# The task:
Below are entries; copy exactly, and only, the lines from the one containing "BELLA GIORNATA 94'" through their final line, leaving out pictures.

Collected data entries
┄┄┄┄┄┄

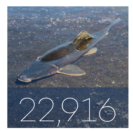
fish handled during our second research season
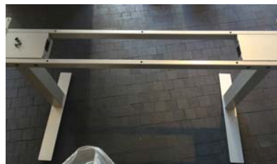
Fixed Width Crossbar
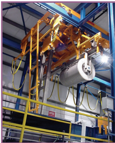
Barrel processing operations offer finishers many benefits, particularly as it relates to the application of labor. Here, the only operator is a forklift driver.
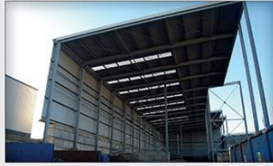
Open storage - the Netherlands
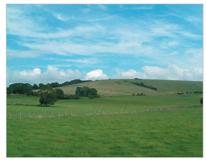
Blocks of unimproved grassland remain on steeper slopes.
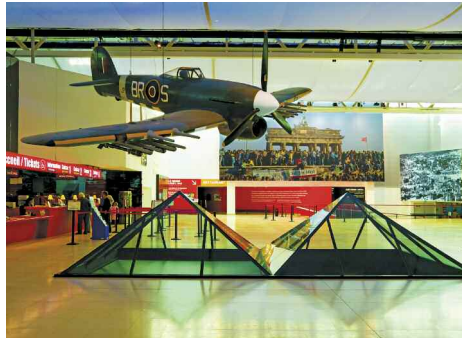
Caen Memorial Museum

D-Day and the Battle of Normandy. Discuss the role that Normandy and its citizens played during this crucial period of the Allied war effort.
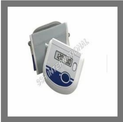
Medical BP Monitor
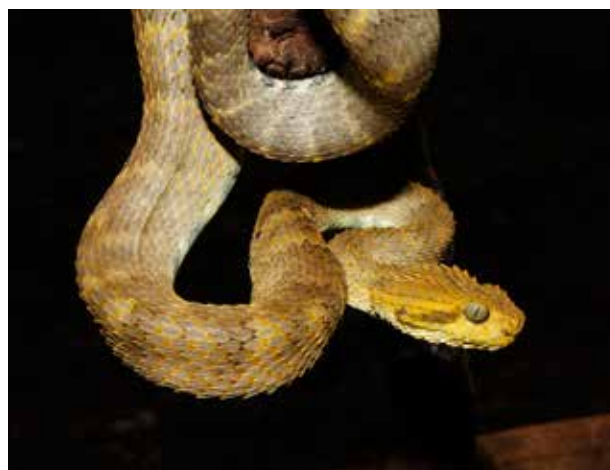
Fig. 21. Atheris broadleyi . Megangme, 4.598°N and 12.225°E, elev. 610 m, September 8, 2012.

This big forest viper was reported from Bafut (elev. 1,200 m, 6.08°N and 10.10°E) by Stucky-Stirn (1979) and found at 1,500 m in the western extension of the BH, and also at Mende in the Takamanda. It was observed by one of us (LC) at almost 1,500 m near Bangangte. In Cameroon it is found at altitudes between 5 m and only
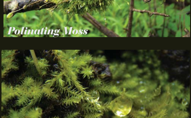
Rain drops in moss
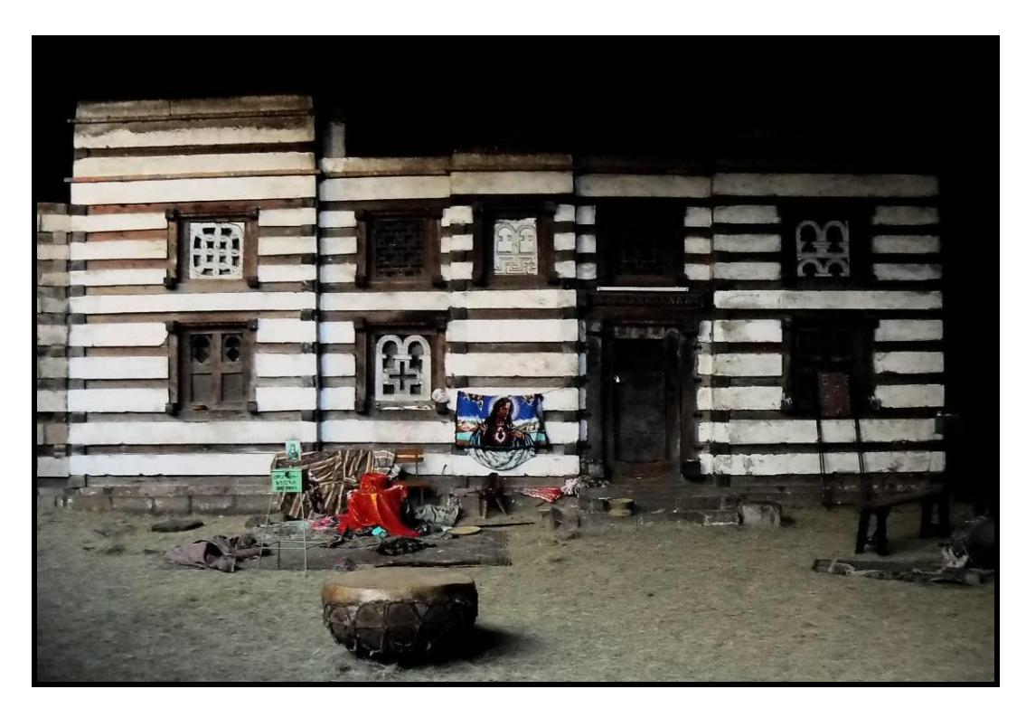
The cave church of Yemrehana Krestos.
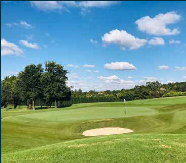
Hole 18 - after
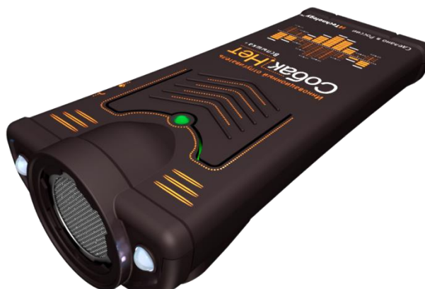
Figure 1. – Visual appearance of the device.

1.2.1. Visual appearance of the device is shown on Figure. 1.
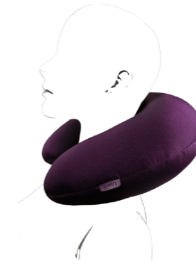
TRAVEL PILLOW REF. 3509 64787 ● ●
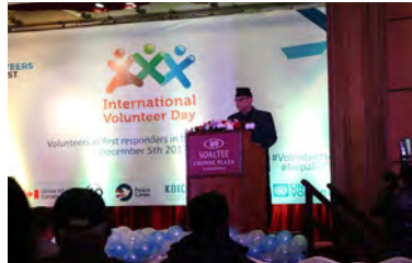
CECI Country Representative addressing at the ceremony
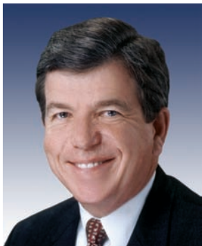
Rep. Roy Blunt of Springfield (7th District) Republican—6 terms
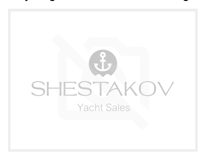
BELLA GIORNATA 94' Lazzara 2000/2018 Flybridge Motor Yacht: Aft Deck
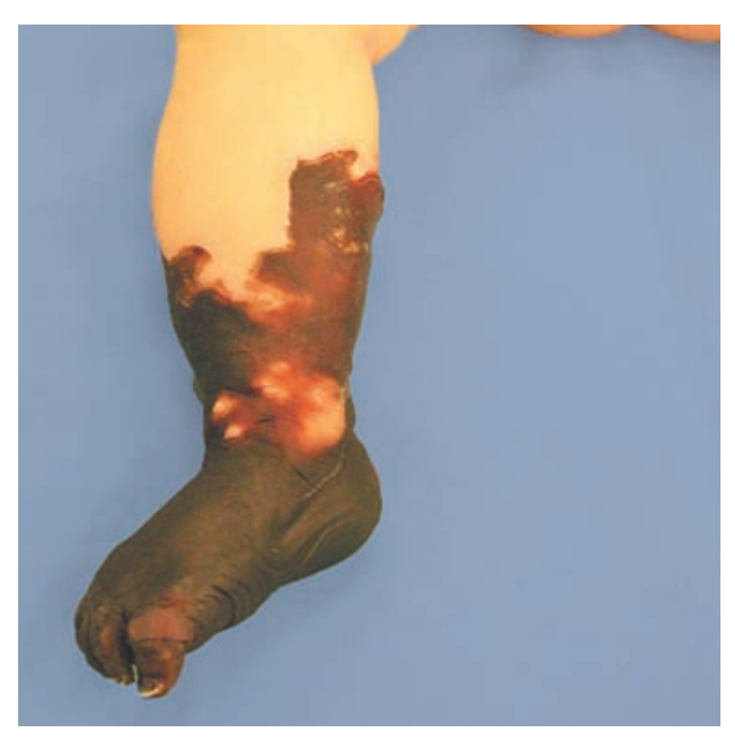
Figure 4. Kawasaki disease: right lower extremity necrosis secondary to vasculitis.

Fifty five percent of our patients had an infection at the time of diagnosis. The most frequently found etiologic agent was \beta-hemolytic Streptococcus, as referred in multiple reports.<sup>20</sup> It is worth mentioning that we found references of 47 HSP cases in clinical records, but only 33 fulfilled EULAR/PReS diagnostic criteria;

┄┄┄┄┄┄

# Completed task:
BELLA GIORNATA 94' Lazzara 2000/2018 Flybridge Motor Yacht: Aft Deck
Figure 4. Kawasaki disease: right lower extremity necrosis secondary to vasculitis.

Fifty five percent of our patients had an infection at the time of diagnosis. The most frequently found etiologic agent was \beta-hemolytic Streptococcus, as referred in multiple reports.<sup>20</sup> It is worth mentioning that we found references of 47 HSP cases in clinical records, but only 33 fulfilled EULAR/PReS diagnostic criteria;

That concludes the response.